9 5. During liquidation, the documents and announcements sent out by the Association must have the words in liquidation next to its name. 6. The books and records of the Association must be kept after the Association has ceased to exist for the statutory term by the person designated for that purpose by the Executive Board in the dissolution resolution. Article 13 Final provision These Articles have been drawn up and executed in Dutch. An English translation has also been drawn up. In case of conflict the Dutch text prevails.
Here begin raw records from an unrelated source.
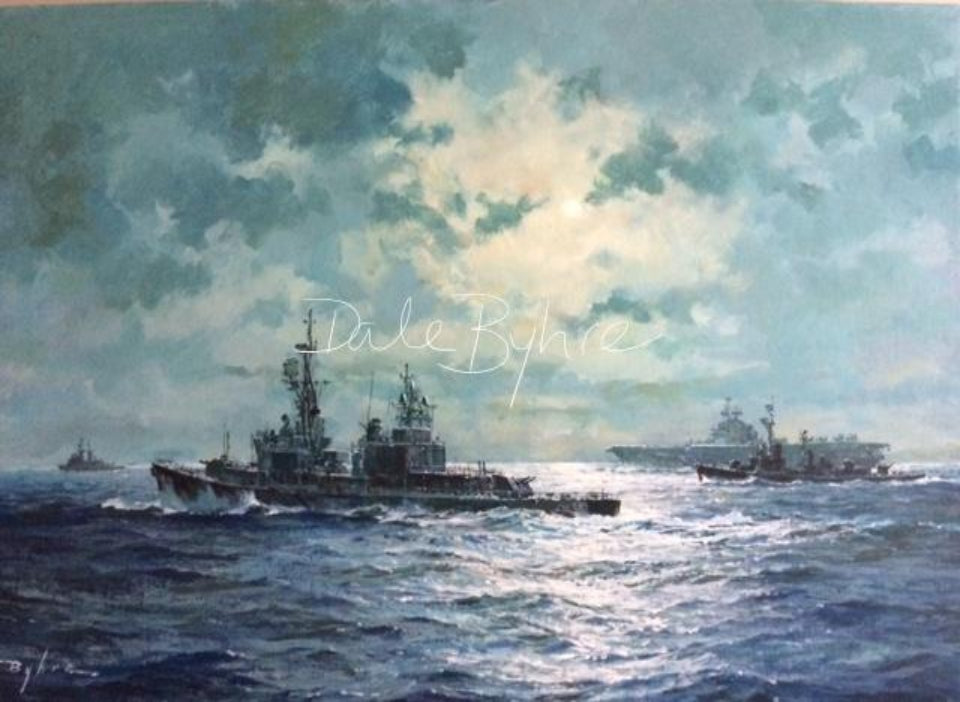 'Elements of Task Force 77, steam under a full moon on Yankee Station in the Gulf of Tonkin. Four types of ships are represented and they include an Essex class carrier, a Leahy class guided missile 'frigate,' a Forrest Sherman class destroyer and a modernized Fram II, Gearing class destroyer.
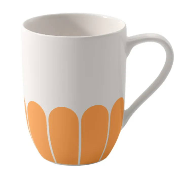 Das auffällige gelbe Muster auf weißem Hintergrund verleiht dem Becher eine frische und moderne Optik. Die harmonische Kombination der Farben Gelb und Weiß sorgt für ein ansprechendes Erscheinungsbild, das in jede Kücheneinrichtung passt. Mit einem Gewicht von 0,262 kg liegt der Becher angenehm in der Hand und ist leicht zu handhaben.
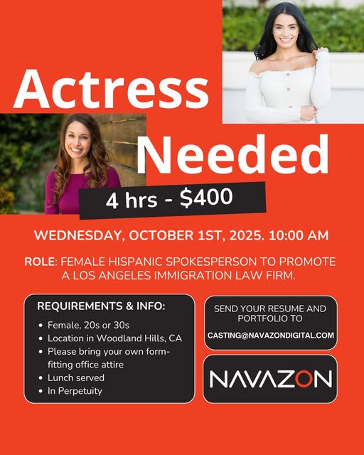 We’re looking for a non-union female Hispanic actress in her 20s or 30s to be the spokesperson for a social media video commercial for a Los Angeles immigration law firm.
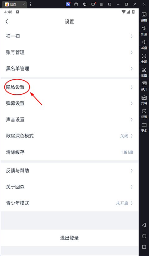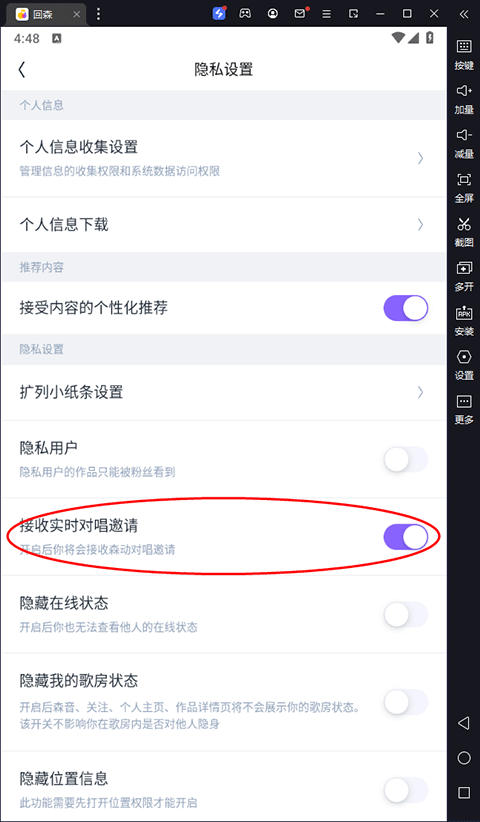 关于怎么开接收实时对唱邀请,操作挺简单的:先在安卓模拟器里打开回森,点右下角“我的”,再戳右上角设置图标,接着找“隐私设置”,最后把“接收实时对唱邀请”那按钮打开就行。这样就能随时接收到别人的对唱邀请,一起玩更带劲。

Transitional provision By way of derogation from the provisions here above in article 6, the term of office of the current president is extended to the thirty-first of December two thousand and nineteen. These provisions to the extent necessary also entail a reappointment of the current president. In witness whereof, this deed was executed in Amsterdam on the date first above written. The person appearing is known to me, civil-law notary. The substance of the deed was communicated and explained to him. The person appearing stated that he did not require full reading of the deed, that he had been informed of the content of the deed in good time and agreed to the content. This deed was read out in part and signed immediately thereafter, first by the person appearing and then by me, civil-law notary.